## PROBLEM STATEMENT
I need the entries printed again word for word, without the images.

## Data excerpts

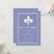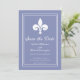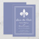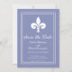 Convite de casamento elegante e simples para salvar a data, apresentando uma flor-de-lis contra um fundo Periwinkle. Este design é uma escolha única para anunciar um casamento moderno. Fácil de personalizar com os detalhes do seu casamento. Clique em "Personalizar" para encontrar mais opções de personalização.
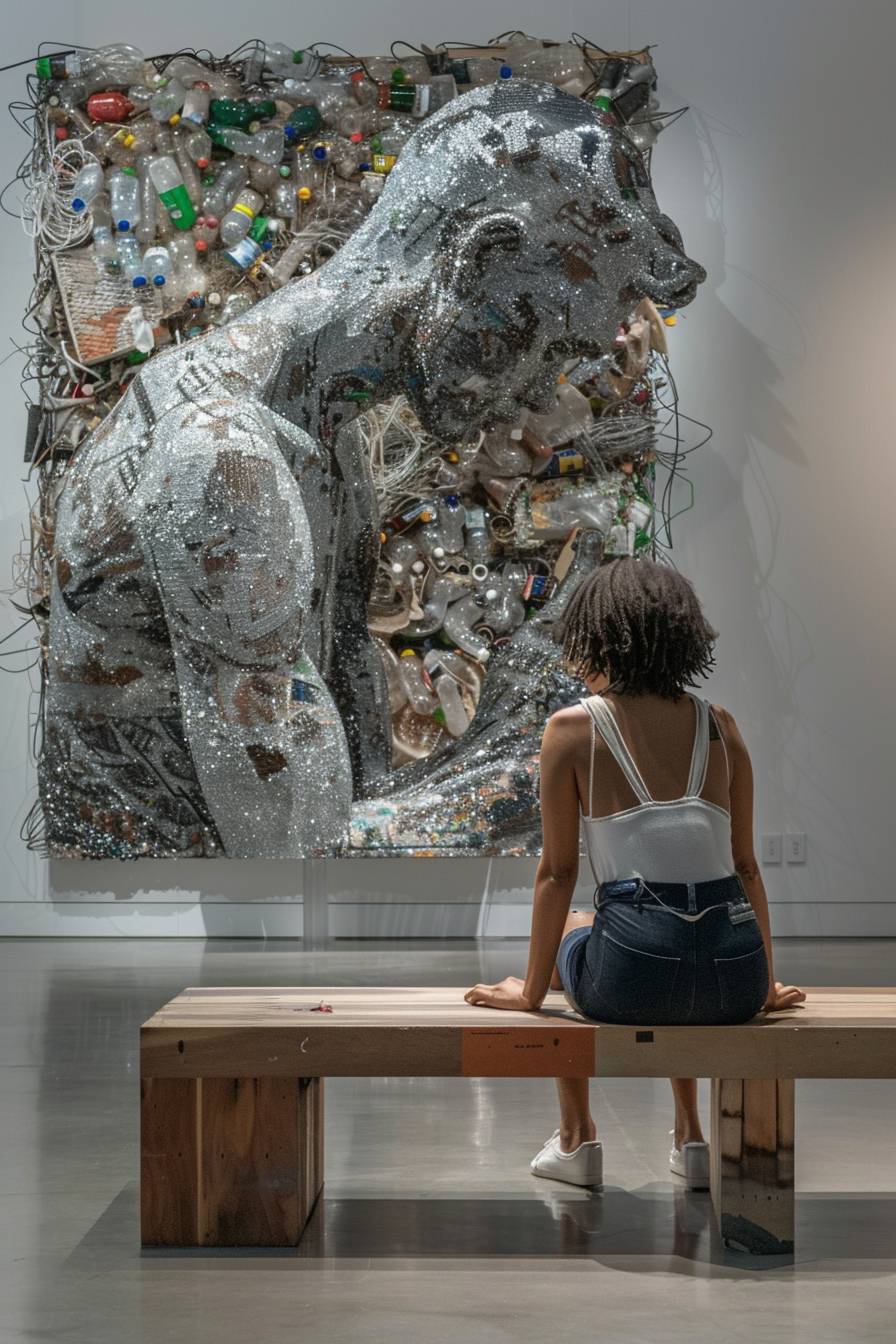 A woman sits on a minimalist wooden bench in an art gallery, deeply engaged in contemplating a massive sculpture resembling a man seated in deep thought, is constructed entirely from a chaotic assortment of discarded materials, such as plastic bottles, wires, and other debris, giving it a striking and unconventional appearance. On the wall next to her, there is a large, framed collage of similarly mixed materials, creating a vibrant and textured artwork. The scene captures the intersection of art and environmental commentary, highlighting themes of waste and creativity. --ar 2:3 --v 6.0
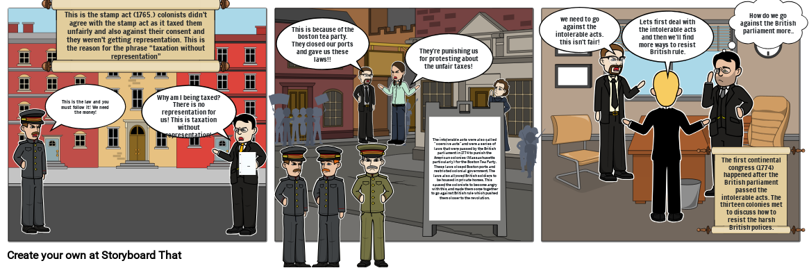 The intolerable acts were also called “coercive acts” and were a series of laws that were passed by the British parliament in 1774 to punish the American colonies (Massachusetts particularly) for the Boston Tea Party. These laws closed Boston ports and restricted colonial government. The laws also allowed British soldiers to be housed in private homes. This caused the colonists to become angry with this and made them come together to go against British rule which pushed them closer to the revolution.
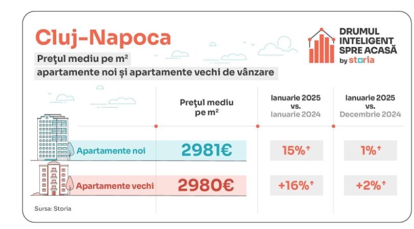 Concret, prețul mediu pentru apartamentele din Cluj-Napoca a fost de 2.981 euro/mp, în ianuarie 2025 în creștere cu 15% față de ianuarie 2024. Apartamentele noi au ajuns la un preț mediu de 2.981 euro/mp, iar cele vechi la 2.980 euro/mp.
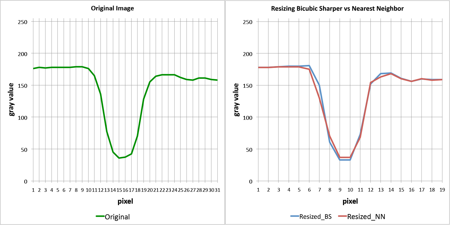 Figura 3. Gráficos de valor de gris de píxel de las selecciones mostradas en la Fig. 2. A la izquierda, imagen original; a la derecha, reducciones del tamaño de imagen mediante los algoritmos Bicubic Sharper y Nearest Neighbor (click en la imagen para observar una versión ampliada).
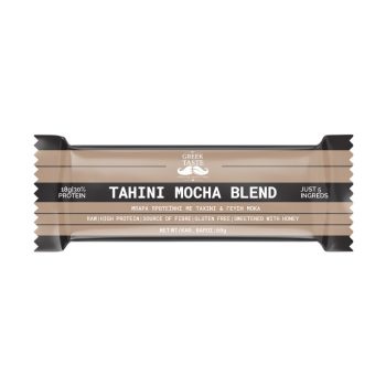Η Tahini Mocha Blend συνδυάζει την ένταση του καφέ με τη γη της Ανατολής. Πλούσιο ταχίνι, κακάο και ήπιο άρωμα espresso δένουν με φυτική πρωτεΐνη σε μια ωμή, clean-label μπάρα ενέργειας.
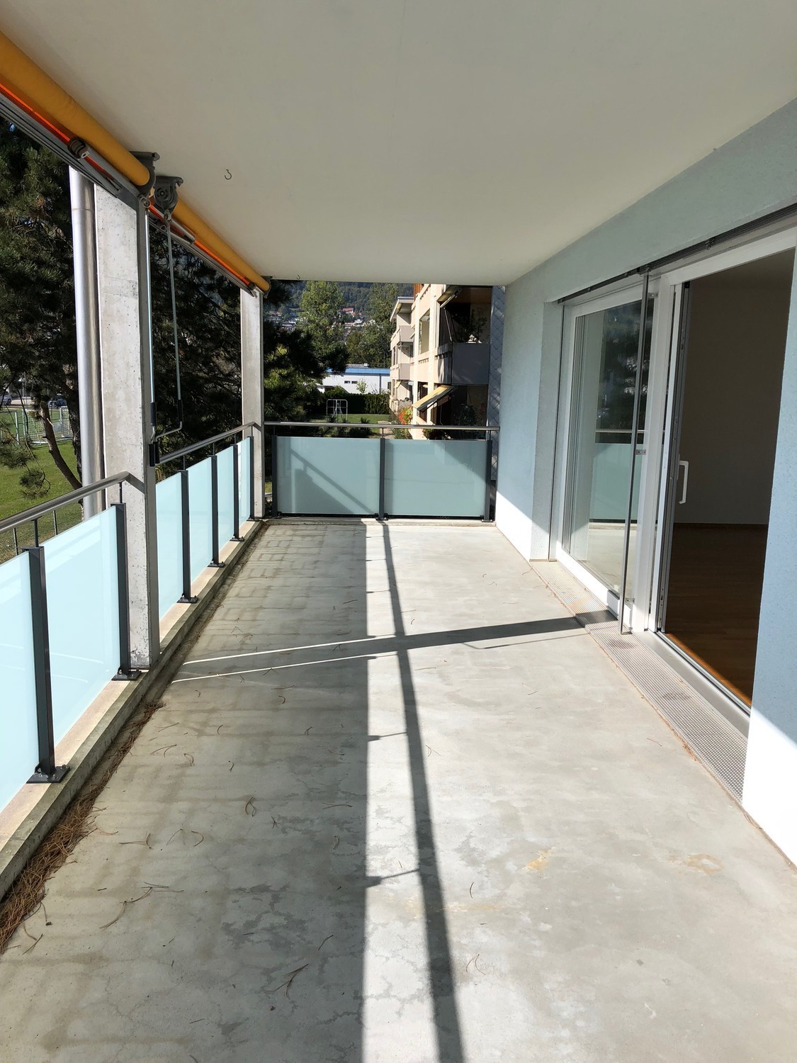 Sonniger Balkon mit Licht, Steckdosen und zwei grossen Sonnenstoren – ideal zum Entspannen
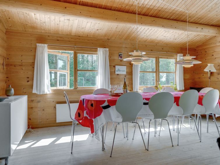 Enmannsbolig, bygget i 1983. 200 m fra sjøen. Privat: uberørt tomt 3'600 m2. Utendørs dusj, terrasse (50 m2). I huset: vaskemaskin, tørketrommel. Parkering ved hbrukt. Daglivarehandel 900 m. Eieren godtar ikke noen ungdomsgrupper.
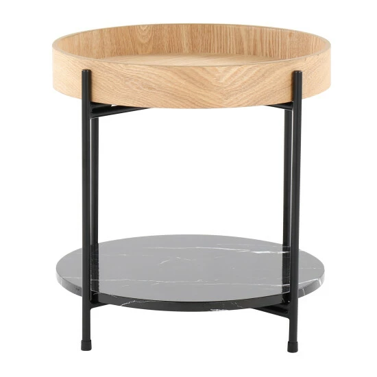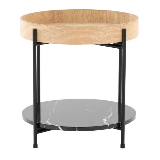 Get a mixed material modern look with the Galotti End Table. With a round natural wood top, black metal frame, and faux marble shelf, this end table will look great in any room of the house.
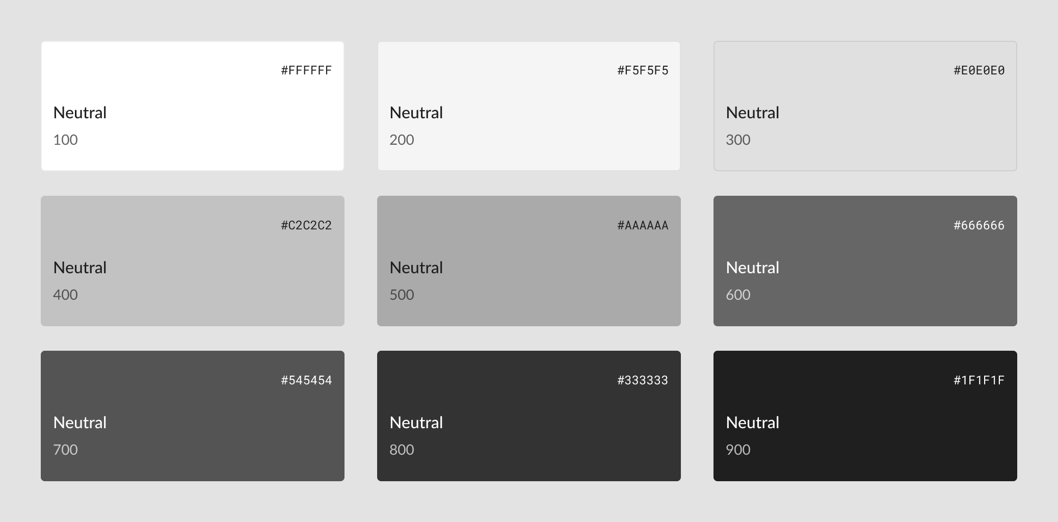The neutral palette is used for text, borders, and surface states. It ranges from near-white (100) to near-black (900) non-linearly to avoid muddy middle greys that have poor contrast with white/black.
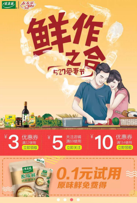 为迎接527爱妻节的到来,太太乐开启了专属的电商平台优惠,以实际行动鼓励男生走进厨房,用鲜味用爱心为最爱的她下厨,表达爱与感谢。
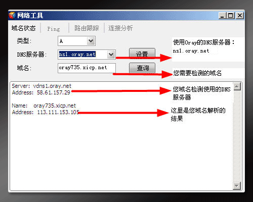 操作完成后,您的花生殼已經(jīng)登錄在線(xiàn)了,所申請(qǐng)的免費(fèi)域名oray735.xicp.net 已經(jīng)綁定到當(dāng)前的公網(wǎng)IP 地址了。
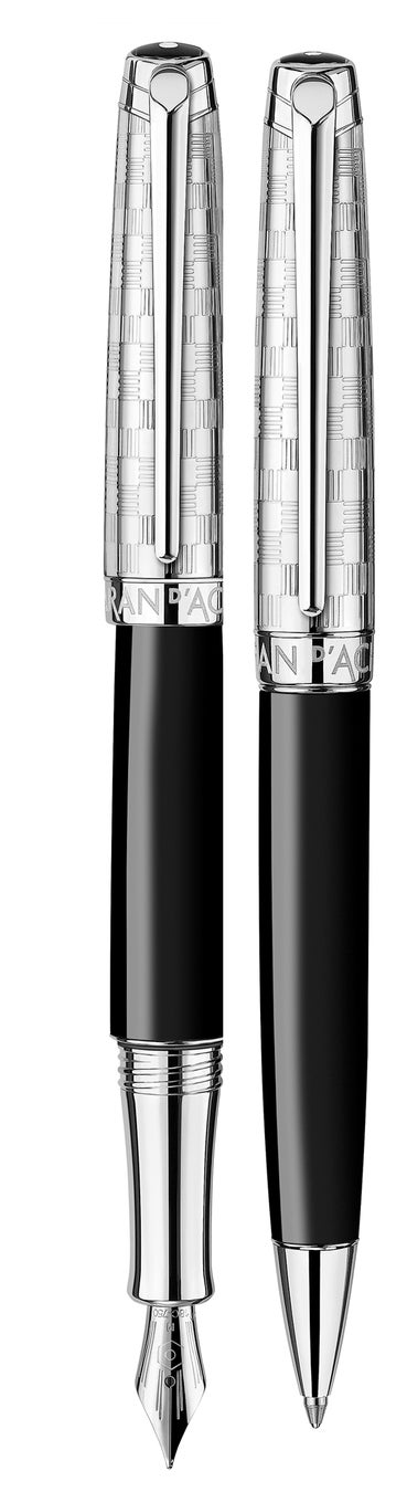 万年筆とボールペンで展開される「レマン ダミエ」スペシャルエディションは、控えめでありながら現代的なブラックラッカー仕上げのボディと、メゾンの職人技の証である格子模様をダイヤモンドカットで刻んだロジウムコーティングのキャップを組み合わせた逸品です。各筆記具は、再解釈されたダミエ柄をエンボス加工したレザーケースとシルバー調の内装を備えた特別なギフトセットで提供されます。単なる筆記具を超え、優雅に筆記の芸術を称える理想の贈り物としてデザインされています。
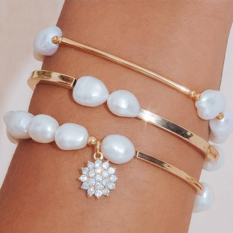 Descrição: Pulseira canutilho com pérolas de água doce e pingente de zircônia, em elástico. Banhada a ouro.

## ANSWER BOX
 Convite de casamento elegante e simples para salvar a data, apresentando uma flor-de-lis contra um fundo Periwinkle. Este design é uma escolha única para anunciar um casamento moderno. Fácil de personalizar com os detalhes do seu casamento. Clique em "Personalizar" para encontrar mais opções de personalização.
 A woman sits on a minimalist wooden bench in an art gallery, deeply engaged in contemplating a massive sculpture resembling a man seated in deep thought, is constructed entirely from a chaotic assortment of discarded materials, such as plastic bottles, wires, and other debris, giving it a striking and unconventional appearance. On the wall next to her, there is a large, framed collage of similarly mixed materials, creating a vibrant and textured artwork. The scene captures the intersection of art and environmental commentary, highlighting themes of waste and creativity. --ar 2:3 --v 6.0
 The intolerable acts were also called “coercive acts” and were a series of laws that were passed by the British parliament in 1774 to punish the American colonies (Massachusetts particularly) for the Boston Tea Party. These laws closed Boston ports and restricted colonial government. The laws also allowed British soldiers to be housed in private homes. This caused the colonists to become angry with this and made them come together to go against British rule which pushed them closer to the revolution.
 Concret, prețul mediu pentru apartamentele din Cluj-Napoca a fost de 2.981 euro/mp, în ianuarie 2025 în creștere cu 15% față de ianuarie 2024. Apartamentele noi au ajuns la un preț mediu de 2.981 euro/mp, iar cele vechi la 2.980 euro/mp.
 Figura 3. Gráficos de valor de gris de píxel de las selecciones mostradas en la Fig. 2. A la izquierda, imagen original; a la derecha, reducciones del tamaño de imagen mediante los algoritmos Bicubic Sharper y Nearest Neighbor (click en la imagen para observar una versión ampliada).
Η Tahini Mocha Blend συνδυάζει την ένταση του καφέ με τη γη της Ανατολής. Πλούσιο ταχίνι, κακάο και ήπιο άρωμα espresso δένουν με φυτική πρωτεΐνη σε μια ωμή, clean-label μπάρα ενέργειας.
 Sonniger Balkon mit Licht, Steckdosen und zwei grossen Sonnenstoren – ideal zum Entspannen
 Enmannsbolig, bygget i 1983. 200 m fra sjøen. Privat: uberørt tomt 3'600 m2. Utendørs dusj, terrasse (50 m2). I huset: vaskemaskin, tørketrommel. Parkering ved hbrukt. Daglivarehandel 900 m. Eieren godtar ikke noen ungdomsgrupper.
 Get a mixed material modern look with the Galotti End Table. With a round natural wood top, black metal frame, and faux marble shelf, this end table will look great in any room of the house.
The neutral palette is used for text, borders, and surface states. It ranges from near-white (100) to near-black (900) non-linearly to avoid muddy middle greys that have poor contrast with white/black.
 为迎接527爱妻节的到来,太太乐开启了专属的电商平台优惠,以实际行动鼓励男生走进厨房,用鲜味用爱心为最爱的她下厨,表达爱与感谢。
 操作完成后,您的花生殼已經(jīng)登錄在線(xiàn)了,所申請(qǐng)的免費(fèi)域名oray735.xicp.net 已經(jīng)綁定到當(dāng)前的公網(wǎng)IP 地址了。
 万年筆とボールペンで展開される「レマン ダミエ」スペシャルエディションは、控えめでありながら現代的なブラックラッカー仕上げのボディと、メゾンの職人技の証である格子模様をダイヤモンドカットで刻んだロジウムコーティングのキャップを組み合わせた逸品です。各筆記具は、再解釈されたダミエ柄をエンボス加工したレザーケースとシルバー調の内装を備えた特別なギフトセットで提供されます。単なる筆記具を超え、優雅に筆記の芸術を称える理想の贈り物としてデザインされています。
 Descrição: Pulseira canutilho com pérolas de água doce e pingente de zircônia, em elástico. Banhada a ouro.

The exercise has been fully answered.